¹ MS ENT Resident, Department of Otolaryngology–Head and Neck Surgery, Ananta Institute of Medical Sciences and Research Center, India
² Senior Resident, Department of Otolaryngology–Head and Neck Surgery, Ananta Institute of Medical Sciences and Research Center, India
³ Professor, Department of Otolaryngology–Head and Neck Surgery, Ananta Institute of Medical Sciences and Research Center, India

*Corresponding Author: Parth Sharma, MS ENT Resident, Department of Otolaryngology–Head and Neck Surgery, Ananta Institute of Medical Sciences and Research Center, India.

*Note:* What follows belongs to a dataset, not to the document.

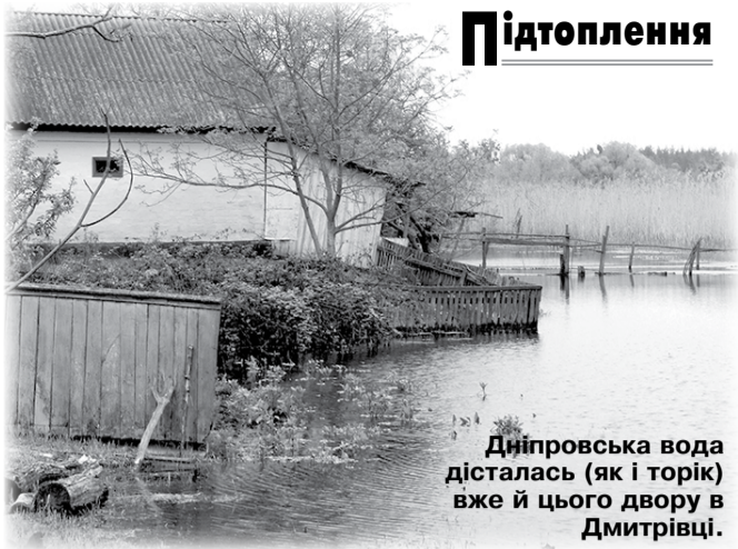
Дніпровська вода дісталась (як і торік) вже й цього двору в Дмитрівці.

Received: February 06, 2026; Published: February 20, 2026

Hurler syndrome (mucopolysaccharidosis type I) is a rare autosomal recessive lysosomal storage disorder caused by a deficiency of the enzyme α-L-iduronidase, resulting in progressive accumulation of dermatan and heparan sulfate. Although the disorder is classically associated with skeletal dysplasia, neurodevelopmental delay, and multisystem involvement, otorhinolaryngological manifestations frequently represent the earliest presenting features. We report a rare case of a 5-year-old male child presenting with nasal obstruction due to bilateral antrochoanal polyps, subsequently diagnosed as Hurler syndrome. This case highlights the importance of early ENT recognition of systemic metabolic disorders and emphasises the role of the otorhinolaryngologist in early diagnosis and multidisciplinary management.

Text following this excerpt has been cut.